Commission Affirms NVIDIA Violated Rambus Patents 35
MojoKid writes "The International Trade Commission has announced its findings in the NVIDIA/Rambus patent infringement lawsuit, and it's not the sort of ruling Team Green would've preferred. The commission found NVIDIA to be in violation of three Rambus patents. The trade panel also granted an injunction Rambus had requested, which theoretically prevents NVIDIA and the various companies attached to the lawsuit (Asus, HP, Palit, and MSI among others) from selling products that contain the infringing IP. The commission's decision this week affirms a January ruling that saw NVIDIA in violation of three Rambus patents while dismissing two additional claims of infringement Rambus made."
Boned. (Score:3, Insightful)
And RMBS takes down yet another member of JEDEC's bag of targets!
1. Submit tech to standards body.
2. Get tech widely used.
3. Patent tech.
4. SUE!
5. PROFIT!
Hate to say it but (Score:3, Insightful)
If you're going to spend $10 billion on a process, you'd better make sure that the product it makes isn't infringing any patents. This isn't a helpless small developer; nvidia is the biggest of the big.

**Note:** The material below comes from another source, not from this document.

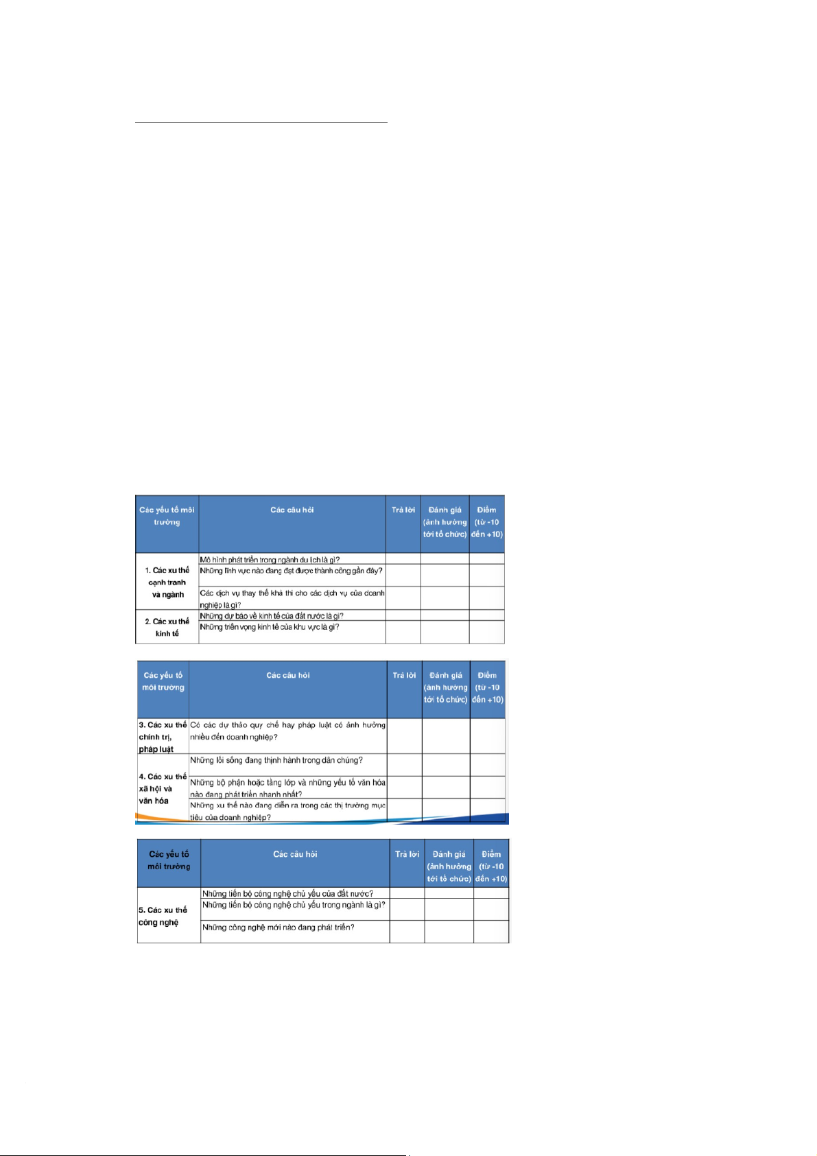 - Các yếu tố môi trường: nền kinh tế, công nghệ, chính trị và cạnh tranh

Re:Boned. (Score:5, Insightful)
You've got your order a little wrong.
1. Apply for patent.
2. Join standards body, get tech widely used.
3. Leave standards body.
4. Continue patent of Step 1, ammending claims to read directly against standard.
5. SUE!
6. PROFIT!
Re:Hate to say it but (Score:3, Insightful)
It takes a lot more than 10 billion to read through all the patents at the patent office.
Re:Hate to say it but (Score:4, Insightful)
In practice it's impossible to do anything non-trivial without infringing a number of patents.
There is no test you can do to give a certain answer, the best you can do is licence the patents you're sure you'd be infringing.
In the cases of patents owned by other big companies a big company which owns a lot of patents can just make a deal that they not sue each other.
In the case of patent trolls, companies with no real assets other than their patent portfolio and no income stream other than licensing and the loot from lawsuits this is of course impossible since they produce nothing they cannot be threatened with having the other companies patents used against them.
I really have to ask something of any engineers reading this who work in R&D- how many of you spend your dev time reading patents to find useful tech you could use in what you're developing?
Alternatively how many of you avoid doing so at all cost for fear getting 3 times the penalties if someone sues you for something you didn't think your tech infringed but is later found to infringe?
Currently there's well over 6 million active patents worldwide.
Even cutting out all the ones in fields so far from your own they probably have nothing to do with what you're building (unsafe) that still leaves you with more patents to examine to see if you're infringing than even dozens of lawyers could compare to every part of what you're building in a year.(if you could delay time to market that long)
Even then you wouldn't be safe since one of the lawyers might have misunderstood something or missed something.
(lets not even get into changes late in the projects design)
You'd be left with a decent pile of "certainly infringes" and such a vast pile of "maybe infringes" that you'd be bankrupted by the licensing fees and delayed for years trying to contact every one.
And even then you wouldn't be safe since a court might simply disagree with even a very very good lawyer.
So big companies make an effort, pay off the ones which they are certain infringe and which are certain to be spotted and hope.
I don't get it (Score:5, Insightful)
Re:Its broken (Score:3, Insightful)
Looking down its a revenue stream, barrier to entry and protects cartels.
Thats win win win with the full protection of powerful governments.
Prices are stable, projections hold and noting disruptive escapes the lab, garage ect without the option to buy out, license or delay.
Re:Hate to say it but (Score:4, Insightful)
Patents work exactly as designed (Score:3, Insightful)
So the cost of innovation becomes incredibly expensive for the small guy, and any legal disagreement gets resolved in favor of the ones with deepest pockets. The system as it is is flawed, and deeply skewed towards the party who has more money.
What, you believed just because the told you patents were to promote progress in the sciences, that that is their real reason?
I've got new for you: the patent system is working precisely as designed.
Namely:
1. Innovation is successfully limited to (mostly) large enterprises
2. Smaller innovators can be sued or shut down on demand, or allowed to flourish if the appropriate corporate or political pockets are lined
3. Technological advancement is prevented from going exponential. Indeed, it is slowed to a relative, governable crawl, ensuring those in power stay there in perpetuity.
So far, little hiccups like the emergence of the Internet aside, the patent system is delivering precisely the results its designers and administrators intend. The only losers are the rest of humanity, and we are not, quite frankly, of any concern to the ruling class.